Many of the pet food companies have created posters and handouts that illustrate the appearance of patients at the different body condition scores. Most of these systems are based on either a 5 or 9-point system. Each subsequent point on the 5-point scale represents an increase or decrease depending on direction of 20-30 percent in body fat above or below ideal (i.e. 1 very thin and 5 obese). Each subsequent point on the 9-point scale represents an increase or decrease depending on direction of 10-15 percent in body fat above or below ideal (i.e. 1 emaciated and 9 grossly obese). Clients should be given a handout and shown where their pet falls on the chart.

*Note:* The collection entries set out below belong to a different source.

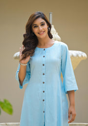 Juniper Powder Blue Solid Cotton Linen Kurta With Button Closure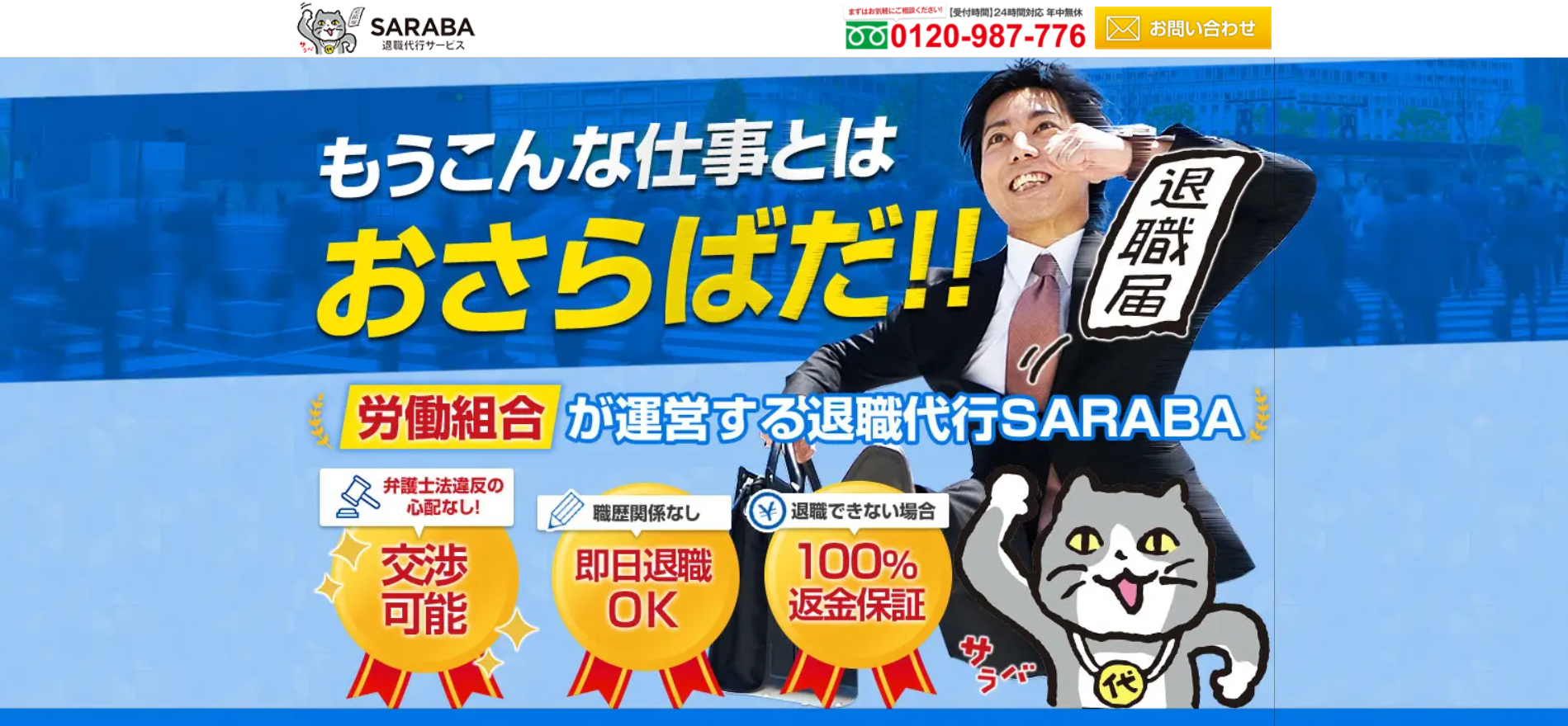 退職代行SARABAは、労働組合が運営している24時間365日対応可能の退職代行サービスです。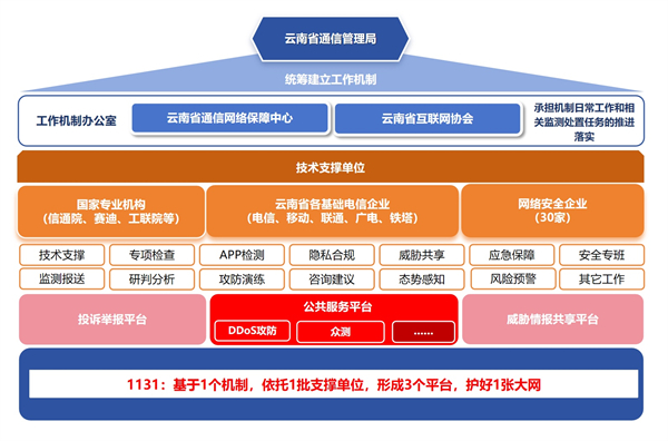 “1131”的第一个“1”即云南省公共互联网网络和数据安全威胁监测处置工作机制,由云南省通信管理局根据《中华人民共和国网络安全法》《中华人民共和国数据安全法》等有关法律法规及《通信网络安全防护管理办法》《公共互联网网络安全威胁监测与处置办法》《工业和信息化领域数据安全管理办法(试行)》等工作要求统筹建立,首批机制成员单位由云南省通信网络保障中心、云南省各基础电信企业、云南省互联网协会及遴选的技术支撑单位组成。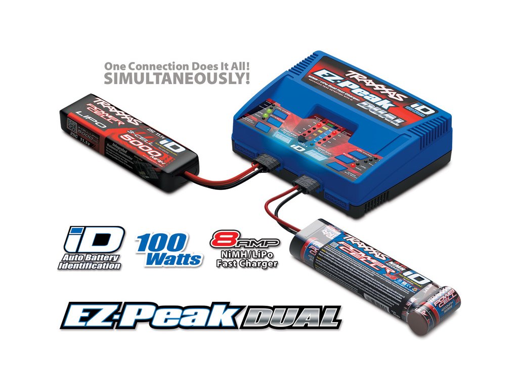 Duální nabíječ Traxxas EZ-Peak Plus na NiMH a LiPo akumulátory. Díky dnes zcela běžné technologii RFID nabíječ sám identifikuje připojené typy akumulátorů a sám nastaví parametry nabíjení. Pouze zapojíte akumulátor a nabíječ EZ-Peak Plus udělá práci za Vás!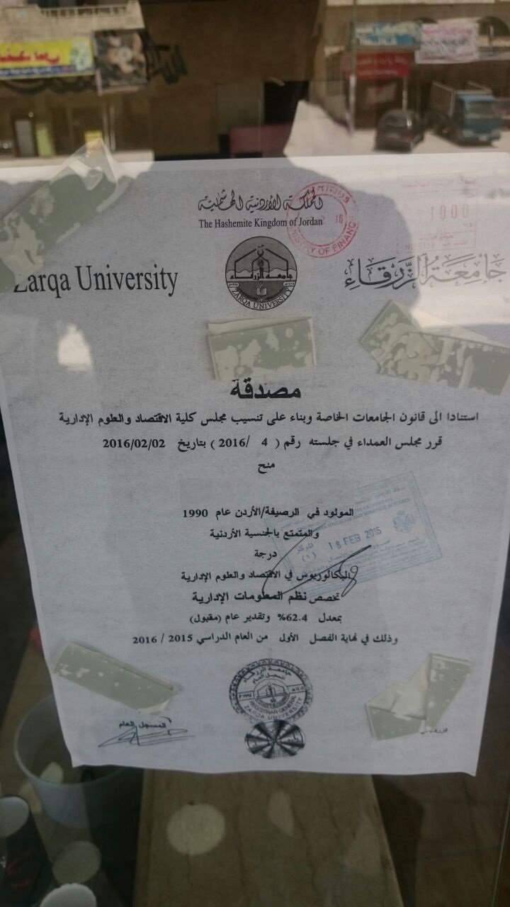 ربما لا يحتاج تجهيز 'فنجان قهوة' لزبون شهادة مزاولة وخبرة، الا أن الطالب الجامعي والعاطل عن العمل نورس الشيخ يلفت النظر من خلال 'بوفيه قهوة' صغير على طريق (عمان –الزرقاء) يعلّق فيه شهادته الجامعية بتخصص (MIS) وكأنها خبرة السنوات التي قضاها خلف أسوار الجامعة والدراسة ليتخرّج موظفا لتقديم القهوة.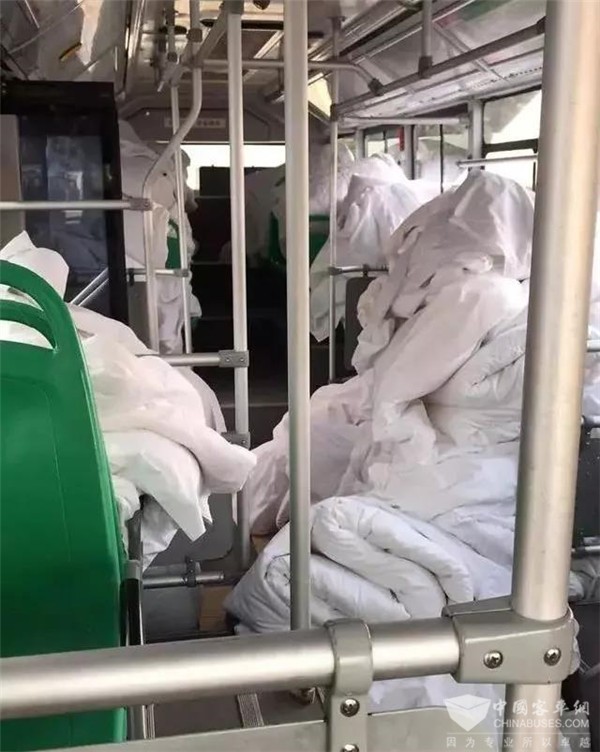 2月3日晚,武汉市分别在洪山体育馆、武汉客厅、武汉国际会展中心连夜建设三所共计2800个床位的“方舱医院”,专门收治轻症患者。晚上8点,接到防疫物资转运的任务,公交二公司立即派出四台公交车驰援武汉国际会展中心,专门负责接送现场工作人员、志愿服务者及床铺、床上用品和电热毯等防疫物资。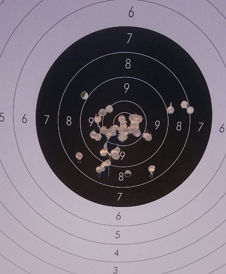 Después de pruebas me quedo con la carga de 1,20gr de la vihtavouri 310, consigo unas agrupaciones muy buenas eso sí, es un tiro más fuerte que con la ba10 que recargada con 1,10gr. La velocidad no la medi pero se aprecia bien que lleva más chicha, también observo que es como más seco el disparo. También decir que tanto antes con la ba10 como ahora con la vihtavouri utilizo pistón magnun y pongo papel para separar pólvora y punta. La punta hn100gr plomo wadcutter y el arma pardini hp32.pongo dos dianas una de precisión y otra de tiro rápido.

The goal of any plan should be the improved health of the patient.

For some patients this may not be the return to an ideal body weight, but instead the reduction in clinical signs associated with some disease process or a reduction in risk for the development of disease.

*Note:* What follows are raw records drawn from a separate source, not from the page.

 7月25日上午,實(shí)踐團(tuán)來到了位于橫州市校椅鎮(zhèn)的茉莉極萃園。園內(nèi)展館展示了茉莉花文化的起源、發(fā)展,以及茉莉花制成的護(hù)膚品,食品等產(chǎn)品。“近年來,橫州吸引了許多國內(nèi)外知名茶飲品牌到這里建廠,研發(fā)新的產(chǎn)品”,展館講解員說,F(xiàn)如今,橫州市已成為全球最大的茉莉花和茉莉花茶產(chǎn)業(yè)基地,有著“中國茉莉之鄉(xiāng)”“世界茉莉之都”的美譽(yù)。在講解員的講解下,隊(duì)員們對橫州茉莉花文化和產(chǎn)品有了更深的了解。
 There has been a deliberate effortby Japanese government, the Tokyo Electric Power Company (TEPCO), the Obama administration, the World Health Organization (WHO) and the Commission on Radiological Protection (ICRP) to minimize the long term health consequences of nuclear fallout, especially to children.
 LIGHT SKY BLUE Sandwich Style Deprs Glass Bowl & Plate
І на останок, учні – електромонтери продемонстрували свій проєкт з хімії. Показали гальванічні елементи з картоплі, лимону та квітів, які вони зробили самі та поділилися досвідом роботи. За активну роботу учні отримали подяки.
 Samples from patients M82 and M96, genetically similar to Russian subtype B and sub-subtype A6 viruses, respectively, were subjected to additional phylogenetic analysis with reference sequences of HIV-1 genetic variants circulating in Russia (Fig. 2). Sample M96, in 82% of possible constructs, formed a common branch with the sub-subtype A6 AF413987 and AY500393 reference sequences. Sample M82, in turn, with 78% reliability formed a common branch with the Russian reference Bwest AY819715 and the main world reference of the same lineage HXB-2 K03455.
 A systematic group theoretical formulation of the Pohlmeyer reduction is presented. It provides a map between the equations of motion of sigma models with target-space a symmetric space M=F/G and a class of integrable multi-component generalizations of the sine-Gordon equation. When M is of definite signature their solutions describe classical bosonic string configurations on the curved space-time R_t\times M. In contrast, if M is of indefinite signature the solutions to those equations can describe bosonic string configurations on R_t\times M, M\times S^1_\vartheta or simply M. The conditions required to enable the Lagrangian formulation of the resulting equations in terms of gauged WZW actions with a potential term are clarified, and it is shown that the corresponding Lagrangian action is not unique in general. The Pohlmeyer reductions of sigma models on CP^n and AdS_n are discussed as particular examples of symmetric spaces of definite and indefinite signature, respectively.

It must be remembered that a weight loss plan that achieves any weight reduction has inherently been successful. Weight loss can be quite difficult to achieve in some patients and/or be very slow, thus, even slight weight reductions should be celebrated.

  • Accurate accounting

Once a client recognizes that his or her pet is overweight and may benefit from weight loss, there is a potential for the development of guilt and concern that the veterinarian will blame him or her for their pet's weight.

The main effect of this guilt is a lack of accurate accounting of a patient's complete daily/weekly diet.

Unfortunately, patients vary greatly with regard to energy requirement for weight stability (presented in Lewis et al. 1987); thus, if you receive an inaccurate or incomplete diet history from the client, there is an increased risk that recommendations for amounts to feed will result in weight gain, weight stability or weight loss at too rapid a rate. This is due to the inherent variability in energy requirement for the individual patient. The best method is to use the patient's current caloric intake to make recommendations.

Table 1 Recommendations for Caloric Restriction by Company (Assumed 10 lb. cat and 20 lb. dog with a BCS of 8/9)
Caloric Intake for Weight Loss Eighty percent of current caloric intake (Table 1). Note, if the calculation results in a value below 50 percent of RER (RER = 70 x BWkg3/4), a careful review of the patient's health status (blood work, physical) and the accuracy of the diet history should be undertaken. Severe caloric restriction can result in both metabolic rate and activity changes that may prevent weight loss without concurrently making a patient extremely lethargic.

Most patients undergoing weight reduction should be at least as active as they were prior to the initiation of the plan or more often they will be more active.

In addition, special care must be made in cats to ensure that weight loss is not so rapid as to increase the risk of developing hepatic lipidosis. An obese cat should never be allowed to become anorexic under the pretext that it will be beneficial for weight loss. Anorexia in an obese cat should be closely monitored. The risk of developing hepatic lipidosis should be discussed with the client at the start of any weight loss plan.

Weight Loss Rate The rate of loss (usually 1-2 percent of body weight per week) is based on traditional clinical recommendations that were designed to maintain lean body mass and preferentially burn fat mass.

In addition, it appears that the slower the rate of weight loss, the less the body responds by slowing the metabolic rate and the less hungry the patient seems. Thus, a slower rate of weight loss potentially decreases the likelihood of weight rebound and increases the likelihood of client compliance.